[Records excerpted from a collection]
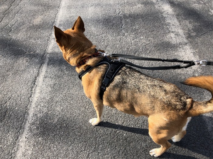 Pretty girl! Good harness! I have a Shepherd mix that is strong and likes to pull. I use a harness similar to that on trails.
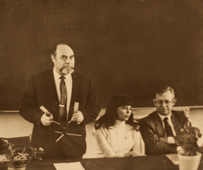 Генеральный секретарь AISEP профессор М. Риерон (справа) после доклада в МОГИФКе. Посёлок Малаховка, 1986 год. (Комментарий Воробьёва А.Н.)
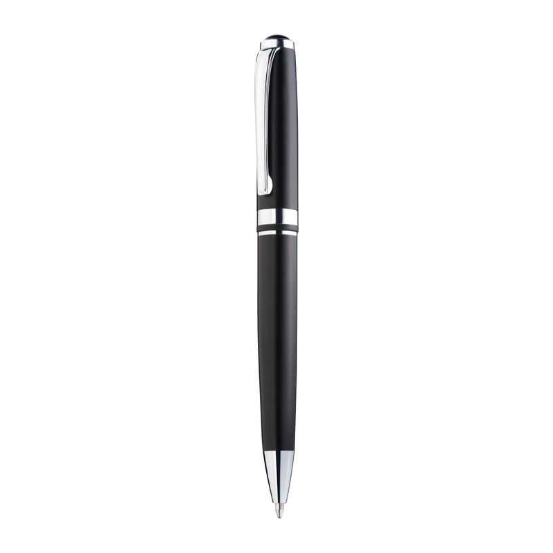 Kovové kuličkové pero s lesklým lakovaním v kartonovém dárkovém obalu. Černý inkoust.
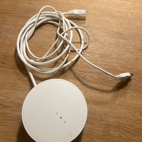 Ikea Trådfri Gateway netværkskomponent i hvid. Enheden fungerer som gateway til Ikea Trådfri smart home-system og forbinder kompatible lamper og andre enheder til hjemmenetværket. Gatewayen tilsluttes med medfølgende strømforsyning og kan monteres på væg via beslag på bagsiden. Egnet som central enhed i et Trådfri-baseret lys- og smart home-setup.
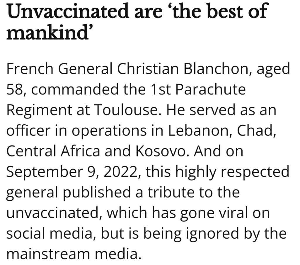 Den 58-årige franske generalen Christian Blanchon, befäl över 1:a fallskärmsregementet i Toulouse, som tjänstgjorde som officer i operationer i Libanon, Tchad, Centralafrika och Kosovo, publicerade den 9 september 2022 en fantastisk hyllning till alla ovaccinerade människor som stått emot såväl press som propaganda. Denna offentliga hyllning till de ovaccinerade har redan översatts till många språk, men ignoreras så klart av mainstreammedia.
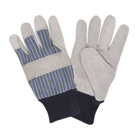 Experience superior protection and durability with our Gunn Cut Leather Gloves. Crafted from select shoulder split leather, these gloves feature a gunn cut pattern, providing enhanced comfort and flexibility. The leather fingertips, reinforced index and thumb, and knuckle strap ensure reliable protection, while the striped canvas back offers breathability. Designed for heavy-duty tasks, the blue knit wrist delivers a secure fit, keeping debris out.
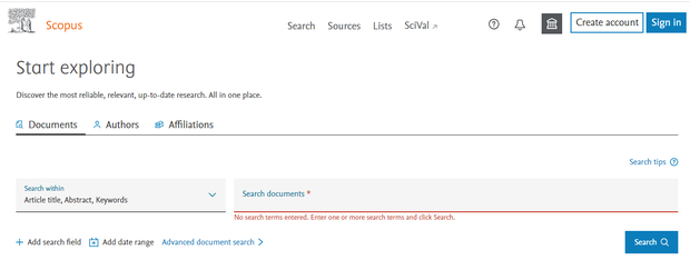 Для того щоб скористатися цими інструментами, потрібно зайти на сайт бази даних Scopus і задати параметри пошуку в графі “Search documents” (наприклад, можна ввести ключове слово).

WHAT YOU NEED TO DO:
Leave the pictures out. Extract exactly the lines running from the one with "Kovové kuličkové pero" through the last entry, both ends included.

ANSWER FOR THE TASK:
 Kovové kuličkové pero s lesklým lakovaním v kartonovém dárkovém obalu. Černý inkoust.
 Ikea Trådfri Gateway netværkskomponent i hvid. Enheden fungerer som gateway til Ikea Trådfri smart home-system og forbinder kompatible lamper og andre enheder til hjemmenetværket. Gatewayen tilsluttes med medfølgende strømforsyning og kan monteres på væg via beslag på bagsiden. Egnet som central enhed i et Trådfri-baseret lys- og smart home-setup.
 Den 58-årige franske generalen Christian Blanchon, befäl över 1:a fallskärmsregementet i Toulouse, som tjänstgjorde som officer i operationer i Libanon, Tchad, Centralafrika och Kosovo, publicerade den 9 september 2022 en fantastisk hyllning till alla ovaccinerade människor som stått emot såväl press som propaganda. Denna offentliga hyllning till de ovaccinerade har redan översatts till många språk, men ignoreras så klart av mainstreammedia.
 Experience superior protection and durability with our Gunn Cut Leather Gloves. Crafted from select shoulder split leather, these gloves feature a gunn cut pattern, providing enhanced comfort and flexibility. The leather fingertips, reinforced index and thumb, and knuckle strap ensure reliable protection, while the striped canvas back offers breathability. Designed for heavy-duty tasks, the blue knit wrist delivers a secure fit, keeping debris out.
 Для того щоб скористатися цими інструментами, потрібно зайти на сайт бази даних Scopus і задати параметри пошуку в графі “Search documents” (наприклад, можна ввести ключове слово).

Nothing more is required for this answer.